§ What is being asked
Reproduce each record exactly, but exclude every picture.

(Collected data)
^^^^

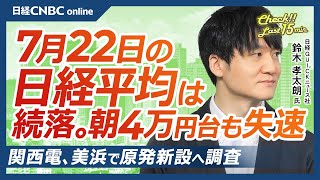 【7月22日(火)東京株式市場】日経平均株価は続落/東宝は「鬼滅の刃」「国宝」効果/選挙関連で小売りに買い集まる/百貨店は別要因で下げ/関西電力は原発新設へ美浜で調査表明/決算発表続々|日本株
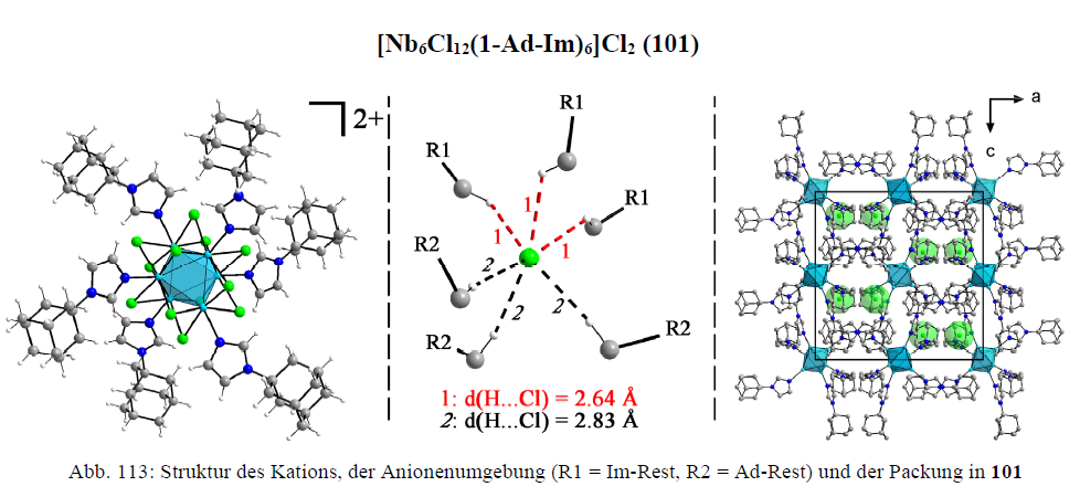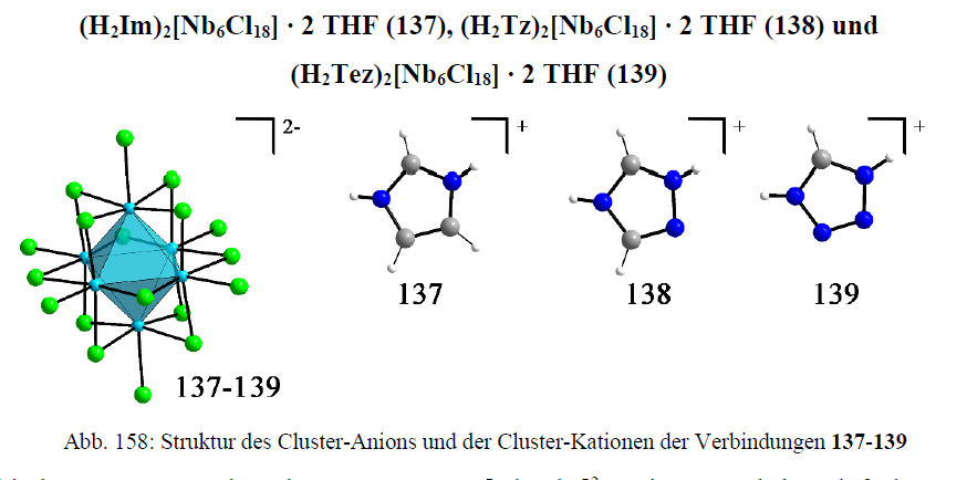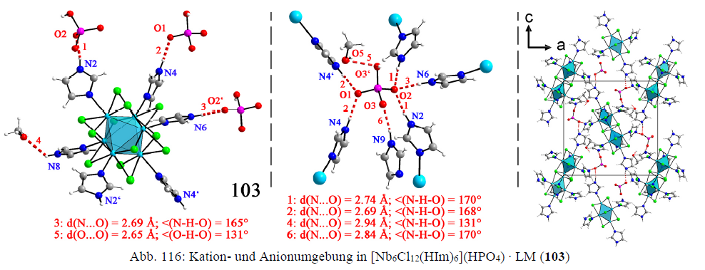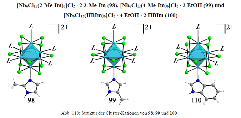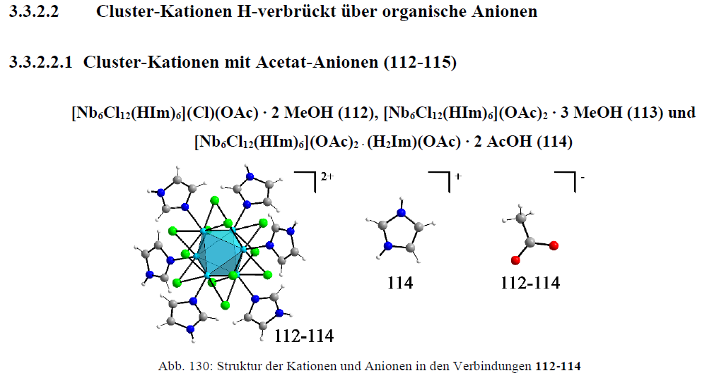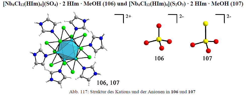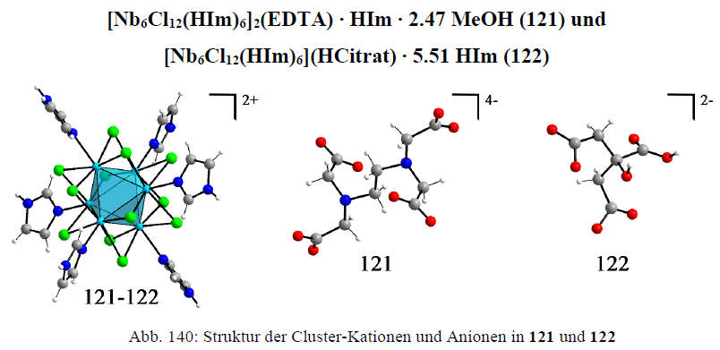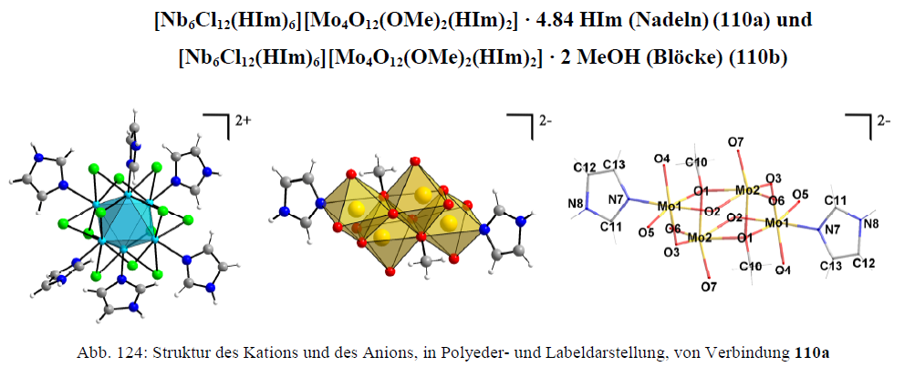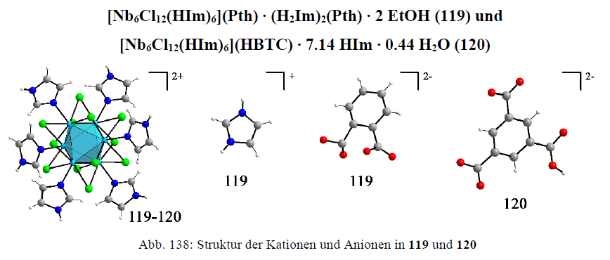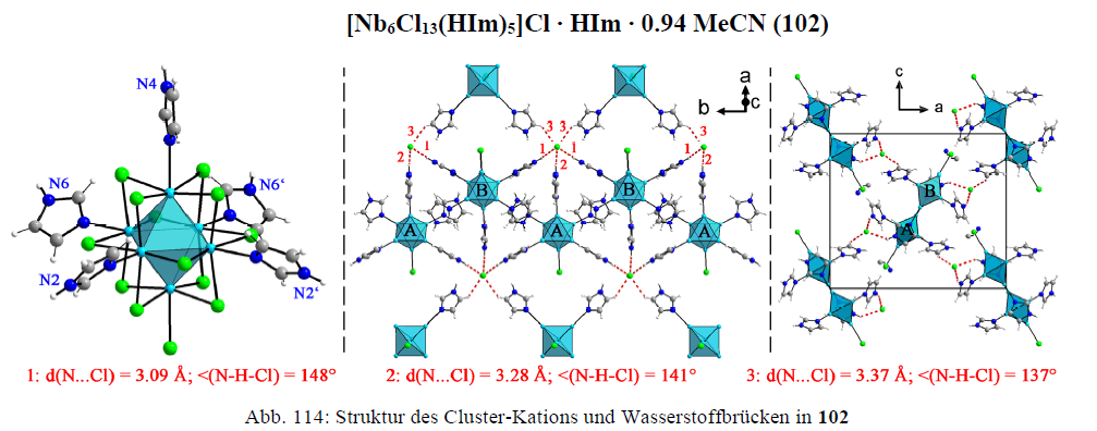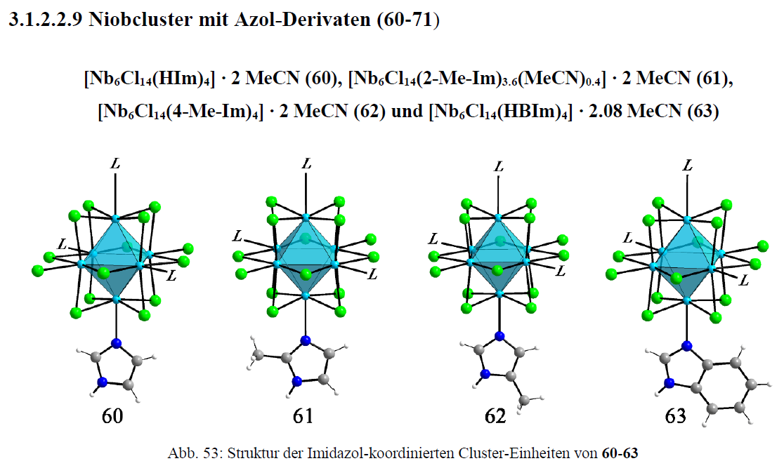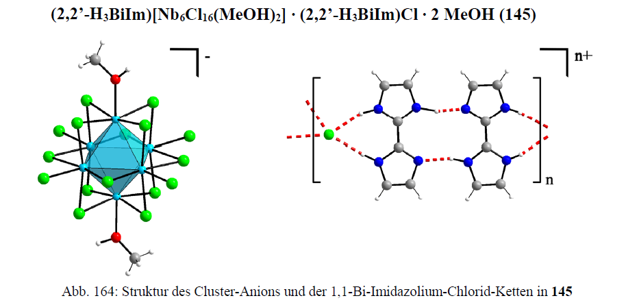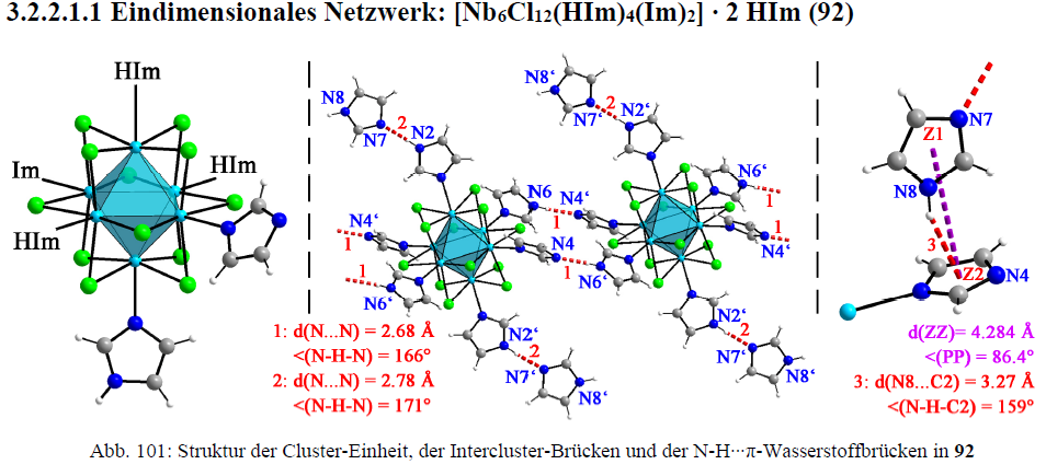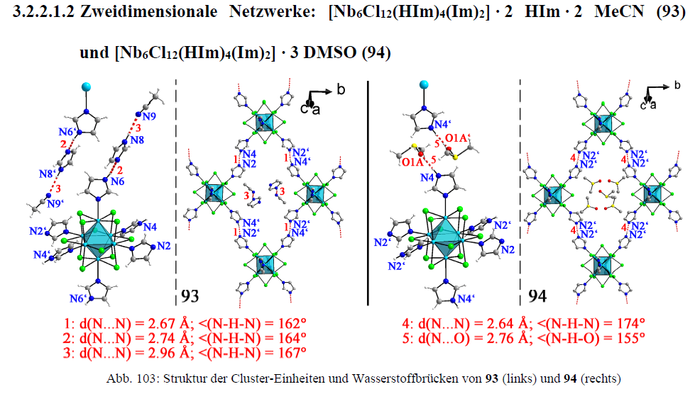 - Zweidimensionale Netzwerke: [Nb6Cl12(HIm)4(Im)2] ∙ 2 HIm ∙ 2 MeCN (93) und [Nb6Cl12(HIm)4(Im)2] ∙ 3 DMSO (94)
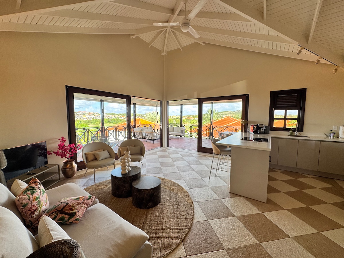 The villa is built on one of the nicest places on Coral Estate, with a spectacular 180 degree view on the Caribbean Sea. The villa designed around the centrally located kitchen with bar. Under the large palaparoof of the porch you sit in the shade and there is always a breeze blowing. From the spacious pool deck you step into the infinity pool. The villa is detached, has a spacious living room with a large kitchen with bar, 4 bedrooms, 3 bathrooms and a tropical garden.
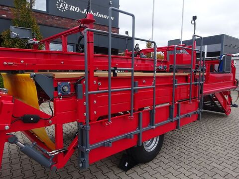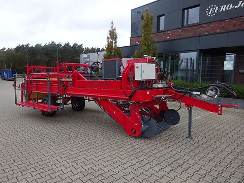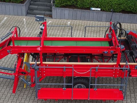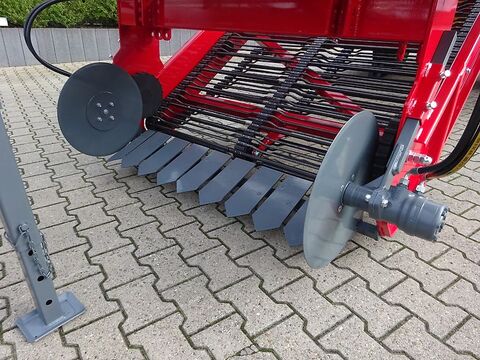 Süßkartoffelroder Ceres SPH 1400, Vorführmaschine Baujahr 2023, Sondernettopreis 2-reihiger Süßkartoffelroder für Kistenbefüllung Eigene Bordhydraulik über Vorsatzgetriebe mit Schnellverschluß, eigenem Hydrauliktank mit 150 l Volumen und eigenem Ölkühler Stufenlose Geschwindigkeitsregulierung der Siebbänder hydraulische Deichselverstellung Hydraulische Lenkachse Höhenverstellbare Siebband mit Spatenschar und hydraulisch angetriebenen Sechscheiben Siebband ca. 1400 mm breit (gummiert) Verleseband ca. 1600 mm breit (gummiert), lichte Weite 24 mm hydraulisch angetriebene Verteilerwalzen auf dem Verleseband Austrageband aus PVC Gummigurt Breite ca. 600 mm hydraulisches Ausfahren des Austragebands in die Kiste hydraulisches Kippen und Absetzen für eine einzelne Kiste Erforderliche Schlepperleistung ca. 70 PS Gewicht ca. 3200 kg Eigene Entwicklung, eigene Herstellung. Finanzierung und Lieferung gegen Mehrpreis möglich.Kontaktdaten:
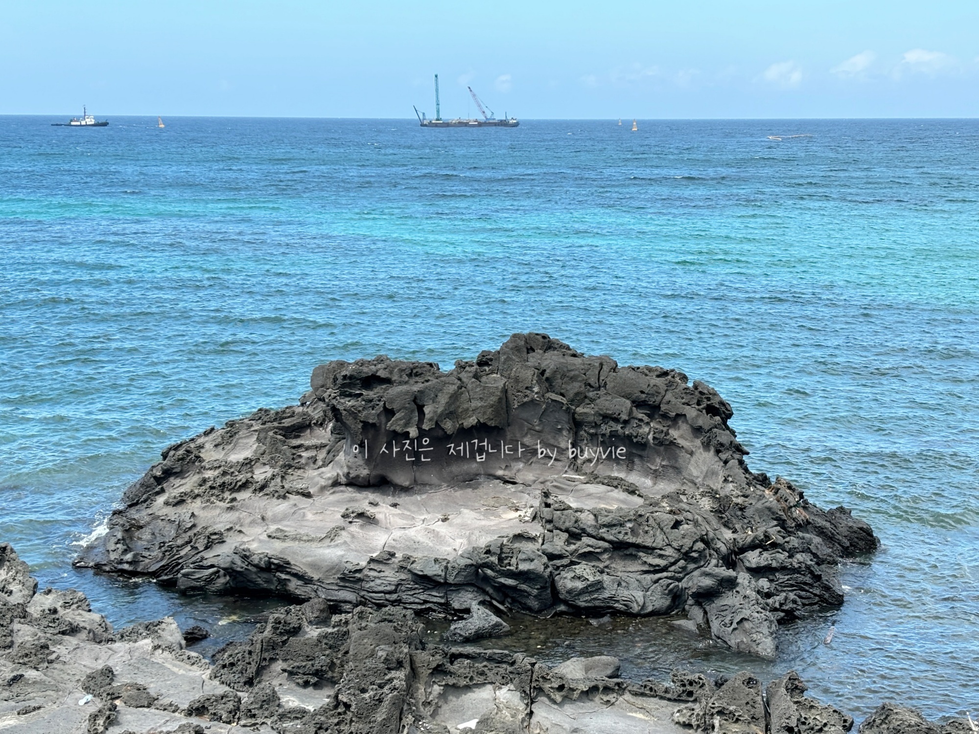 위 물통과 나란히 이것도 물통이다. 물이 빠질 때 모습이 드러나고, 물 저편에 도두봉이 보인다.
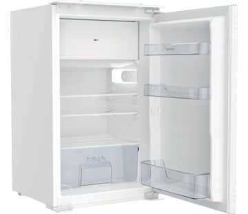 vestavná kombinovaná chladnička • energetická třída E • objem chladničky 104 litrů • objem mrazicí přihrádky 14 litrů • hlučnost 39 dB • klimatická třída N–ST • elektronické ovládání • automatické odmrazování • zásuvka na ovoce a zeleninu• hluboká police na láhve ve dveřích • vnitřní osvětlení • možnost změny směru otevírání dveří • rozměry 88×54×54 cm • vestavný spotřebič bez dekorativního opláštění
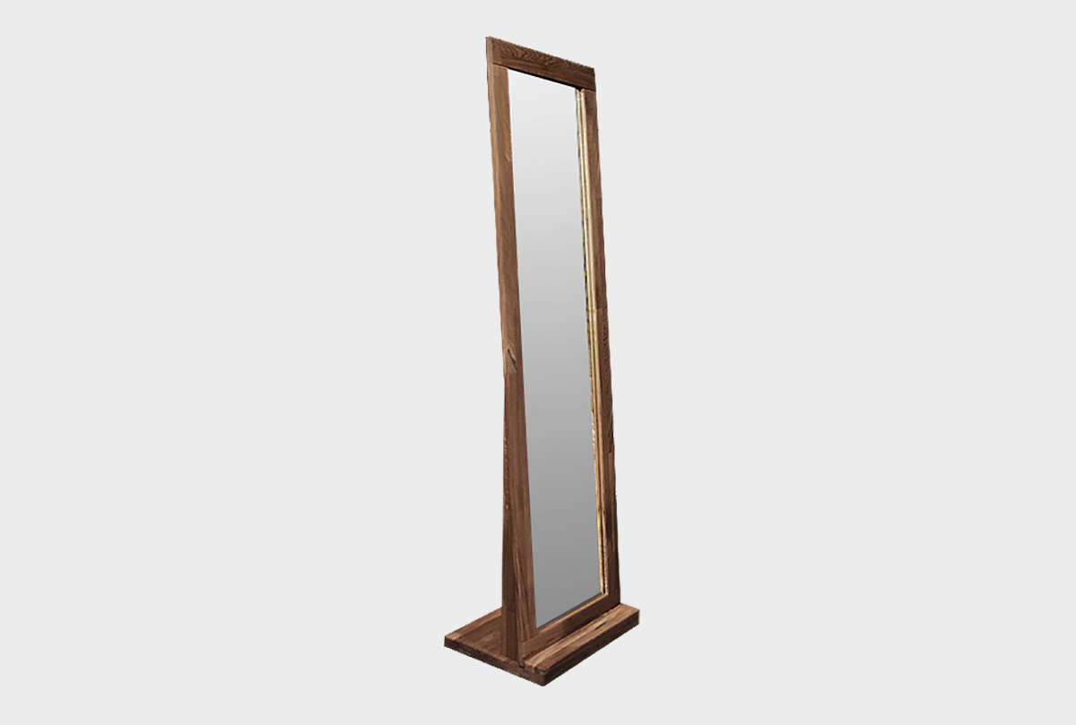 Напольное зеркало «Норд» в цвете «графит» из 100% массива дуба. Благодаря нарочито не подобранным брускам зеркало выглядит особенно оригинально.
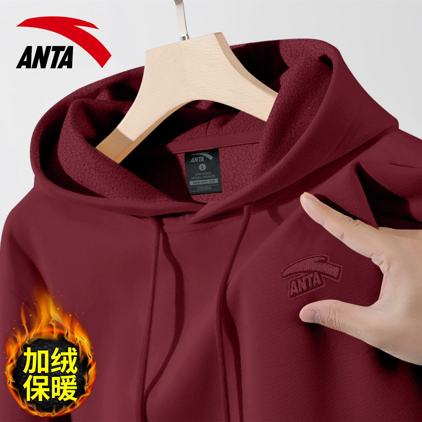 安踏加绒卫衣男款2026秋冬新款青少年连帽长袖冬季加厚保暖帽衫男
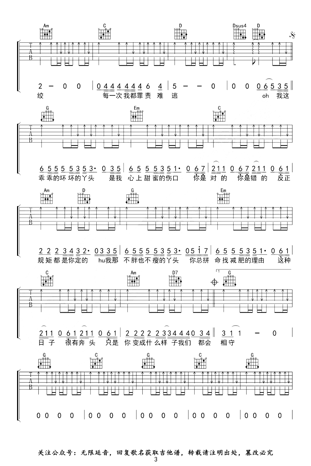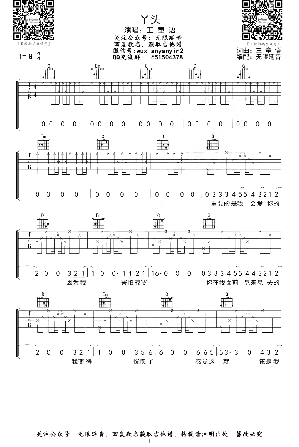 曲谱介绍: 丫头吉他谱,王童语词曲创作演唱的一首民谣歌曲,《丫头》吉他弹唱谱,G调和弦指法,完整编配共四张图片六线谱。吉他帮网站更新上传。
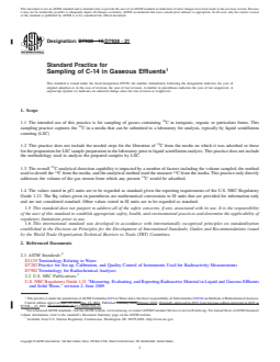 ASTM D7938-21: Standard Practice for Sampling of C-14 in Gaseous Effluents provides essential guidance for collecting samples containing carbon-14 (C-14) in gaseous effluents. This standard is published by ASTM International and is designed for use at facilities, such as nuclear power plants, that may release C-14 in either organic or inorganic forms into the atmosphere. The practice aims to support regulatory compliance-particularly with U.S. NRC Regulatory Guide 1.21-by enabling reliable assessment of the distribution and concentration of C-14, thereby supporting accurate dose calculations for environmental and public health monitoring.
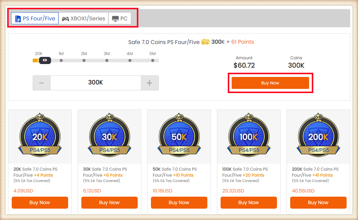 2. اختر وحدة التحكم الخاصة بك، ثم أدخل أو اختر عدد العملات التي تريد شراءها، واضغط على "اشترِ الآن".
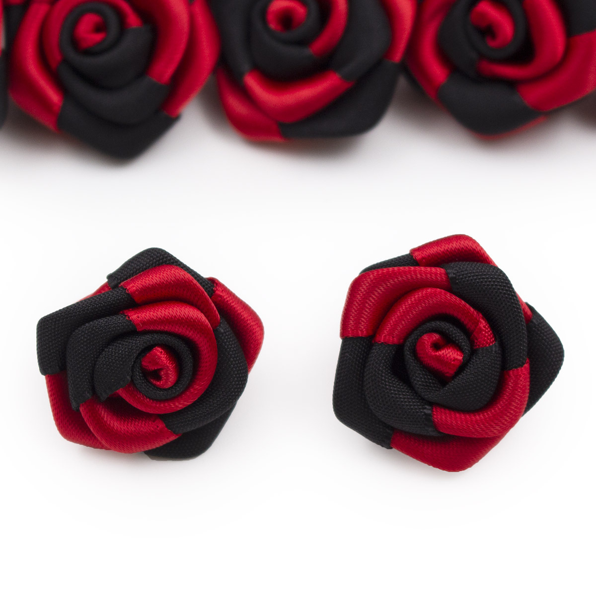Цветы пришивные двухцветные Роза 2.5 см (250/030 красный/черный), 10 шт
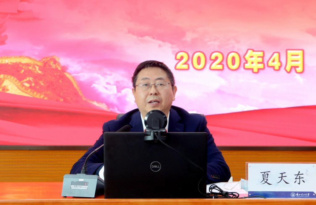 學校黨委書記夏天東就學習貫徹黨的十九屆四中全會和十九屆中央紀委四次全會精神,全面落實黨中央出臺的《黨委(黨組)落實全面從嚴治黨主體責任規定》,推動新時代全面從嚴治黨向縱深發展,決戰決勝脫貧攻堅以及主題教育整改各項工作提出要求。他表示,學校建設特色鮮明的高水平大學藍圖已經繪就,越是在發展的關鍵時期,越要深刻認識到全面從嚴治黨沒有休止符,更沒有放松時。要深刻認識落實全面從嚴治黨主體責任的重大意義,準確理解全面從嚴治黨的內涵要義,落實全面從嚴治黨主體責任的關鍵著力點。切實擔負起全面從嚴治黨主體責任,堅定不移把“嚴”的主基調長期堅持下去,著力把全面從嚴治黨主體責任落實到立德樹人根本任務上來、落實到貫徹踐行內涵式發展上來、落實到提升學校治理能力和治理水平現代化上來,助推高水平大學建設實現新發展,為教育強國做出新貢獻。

^^^^

§ Answer box
 【7月22日(火)東京株式市場】日経平均株価は続落/東宝は「鬼滅の刃」「国宝」効果/選挙関連で小売りに買い集まる/百貨店は別要因で下げ/関西電力は原発新設へ美浜で調査表明/決算発表続々|日本株
 - Zweidimensionale Netzwerke: [Nb6Cl12(HIm)4(Im)2] ∙ 2 HIm ∙ 2 MeCN (93) und [Nb6Cl12(HIm)4(Im)2] ∙ 3 DMSO (94)
 The villa is built on one of the nicest places on Coral Estate, with a spectacular 180 degree view on the Caribbean Sea. The villa designed around the centrally located kitchen with bar. Under the large palaparoof of the porch you sit in the shade and there is always a breeze blowing. From the spacious pool deck you step into the infinity pool. The villa is detached, has a spacious living room with a large kitchen with bar, 4 bedrooms, 3 bathrooms and a tropical garden.
 Süßkartoffelroder Ceres SPH 1400, Vorführmaschine Baujahr 2023, Sondernettopreis 2-reihiger Süßkartoffelroder für Kistenbefüllung Eigene Bordhydraulik über Vorsatzgetriebe mit Schnellverschluß, eigenem Hydrauliktank mit 150 l Volumen und eigenem Ölkühler Stufenlose Geschwindigkeitsregulierung der Siebbänder hydraulische Deichselverstellung Hydraulische Lenkachse Höhenverstellbare Siebband mit Spatenschar und hydraulisch angetriebenen Sechscheiben Siebband ca. 1400 mm breit (gummiert) Verleseband ca. 1600 mm breit (gummiert), lichte Weite 24 mm hydraulisch angetriebene Verteilerwalzen auf dem Verleseband Austrageband aus PVC Gummigurt Breite ca. 600 mm hydraulisches Ausfahren des Austragebands in die Kiste hydraulisches Kippen und Absetzen für eine einzelne Kiste Erforderliche Schlepperleistung ca. 70 PS Gewicht ca. 3200 kg Eigene Entwicklung, eigene Herstellung. Finanzierung und Lieferung gegen Mehrpreis möglich.Kontaktdaten:
 위 물통과 나란히 이것도 물통이다. 물이 빠질 때 모습이 드러나고, 물 저편에 도두봉이 보인다.
 vestavná kombinovaná chladnička • energetická třída E • objem chladničky 104 litrů • objem mrazicí přihrádky 14 litrů • hlučnost 39 dB • klimatická třída N–ST • elektronické ovládání • automatické odmrazování • zásuvka na ovoce a zeleninu• hluboká police na láhve ve dveřích • vnitřní osvětlení • možnost změny směru otevírání dveří • rozměry 88×54×54 cm • vestavný spotřebič bez dekorativního opláštění
 Напольное зеркало «Норд» в цвете «графит» из 100% массива дуба. Благодаря нарочито не подобранным брускам зеркало выглядит особенно оригинально.
 安踏加绒卫衣男款2026秋冬新款青少年连帽长袖冬季加厚保暖帽衫男
 曲谱介绍: 丫头吉他谱,王童语词曲创作演唱的一首民谣歌曲,《丫头》吉他弹唱谱,G调和弦指法,完整编配共四张图片六线谱。吉他帮网站更新上传。
 ASTM D7938-21: Standard Practice for Sampling of C-14 in Gaseous Effluents provides essential guidance for collecting samples containing carbon-14 (C-14) in gaseous effluents. This standard is published by ASTM International and is designed for use at facilities, such as nuclear power plants, that may release C-14 in either organic or inorganic forms into the atmosphere. The practice aims to support regulatory compliance-particularly with U.S. NRC Regulatory Guide 1.21-by enabling reliable assessment of the distribution and concentration of C-14, thereby supporting accurate dose calculations for environmental and public health monitoring.
 2. اختر وحدة التحكم الخاصة بك، ثم أدخل أو اختر عدد العملات التي تريد شراءها، واضغط على "اشترِ الآن".
Цветы пришивные двухцветные Роза 2.5 см (250/030 красный/черный), 10 шт
 學校黨委書記夏天東就學習貫徹黨的十九屆四中全會和十九屆中央紀委四次全會精神,全面落實黨中央出臺的《黨委(黨組)落實全面從嚴治黨主體責任規定》,推動新時代全面從嚴治黨向縱深發展,決戰決勝脫貧攻堅以及主題教育整改各項工作提出要求。他表示,學校建設特色鮮明的高水平大學藍圖已經繪就,越是在發展的關鍵時期,越要深刻認識到全面從嚴治黨沒有休止符,更沒有放松時。要深刻認識落實全面從嚴治黨主體責任的重大意義,準確理解全面從嚴治黨的內涵要義,落實全面從嚴治黨主體責任的關鍵著力點。切實擔負起全面從嚴治黨主體責任,堅定不移把“嚴”的主基調長期堅持下去,著力把全面從嚴治黨主體責任落實到立德樹人根本任務上來、落實到貫徹踐行內涵式發展上來、落實到提升學校治理能力和治理水平現代化上來,助推高水平大學建設實現新發展,為教育強國做出新貢獻。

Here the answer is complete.